Well-implemented Service Catalogs can improve support efficiency and reduce IT costs. But when considering the value of a Service Catalog to a business, the support team also needs to take an “It’s not about me, it’s all about you” perspective.

In a previous post, we showed you how a well-implemented Service Catalog improves IT efficiency and can help reduce support costs. Today we will focus on how the Service Catalog can be used to drive employee productivity to new levels by looking at how the service catalog is consumed.

The onboarding challenge: How to get new employees productive quickly?

Most businesses today leverage a dizzying number of systems and technologies. The list of services an employee will interact with tends to grow and change over time. And the mix of tools and services individual employees will use will be dependent on their particular job function and preferences.  Many organizations I talk with use the Service Catalog pretty effectively to handle delivering the “standard” services – like network accounts and email access. However, the teams that really shine are those that also built their Service Catalog to consider the position-specific differences in services and/or equipment needed by different job functions. By bundling together the services that a particular job function needs, it gets those employees on their way to productivity much faster and reduces the setup time needed for each individual.

The “I don’t know what I don’t know” challenge: Getting the right tools into the right hands

Whether you are on the job for your first day today or you have been in place for years, the technology landscape in your company is constantly evolving and there are new tools and services becoming available all the time. The Service Catalog is a great mechanism for helping employees discover what tools they may have access to help them be productive.

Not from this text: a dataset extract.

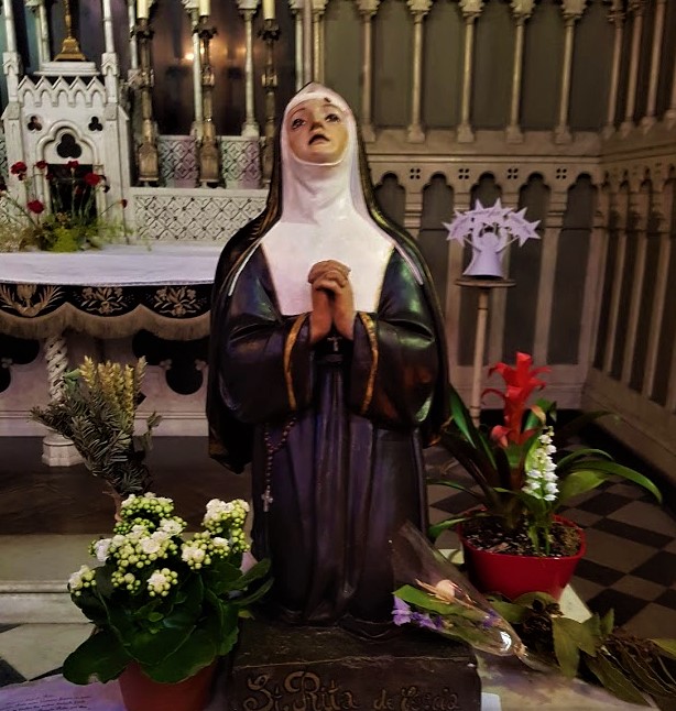 En lite fredligare bild får avsluta dagens aningen krigiska episod och då en bild av St Rita (min hustrus namne) ett av de runt 10,000 katolska helgon som lär finnas. St Rita var Augustinernunna på 1400-talet och är skyddshelgon för ”omöjliga fall” och vid äktenskapsproblem!
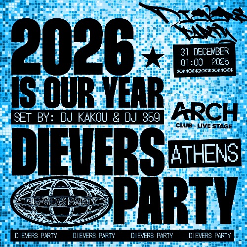 Το πρώτο party του 2026 είναι εδώ! Η χρονιά ξεκινάει όπως πρέπει — με DIEVERS! Μετά την αλλαγή του χρόνου, μόλις το ρολόι δείξει 01:00, οι πόρτες του ARCH Club – Live Stage ανοίγουν και μπαίνουμε επίσημα στο Year of Dievers. DJ KAKOU & DJ 359 αναλαμβάνουν το πρώτο set της χρονιάς και απογειώνουν την Αθήνα από το πρώτο λεπτό του 2026. New Year vibes 31 Δεκεμβρίου 01:00 ( μετά την αλλαγή του έτους ) ARCH Club – Athens 2026 IS OUR YEAR. Let’s start it together.

As an example: A number of years back at one of my previous employers, we needed to rapidly create some “recorded” product demonstrations to be used by industry analysts. I would need a tool to handle the recording effort. So, I checked with IT, my management team and some of my peers to see if we had a standard tool. No one knew of one. I dutifully dropped everything and researched the currently available options and recommended the purchase of the necessary licenses.  By the time the purchase went through we were rushed to complete the recordings in time, but we managed to get it completed.

Although we accomplished the task, I later found out that a different department routinely used the tool that I had selected and had several “floating” licenses to be used on one-off projects like mine. We had wasted the time to research the tools, the money for the new licenses, and the time and energy it took to push my request through procurement. We were not effectively using a Service Catalog at that time, otherwise I would have had visibility into the fact that a tool had already been selected and that licenses were available immediately. If only I had known, I could have been drastically more productive. Instead, my opinion of our IT team dropped several notches.

Service Catalogs are a key element to any modern support team’s arsenal and can be key to providing visibility into available (and recommended) services. By paying attention to the tools, services, and equipment specific employee groups are using, you can make a big difference in the productivity of your business’s employees in addition to reducing the impact on the support organization.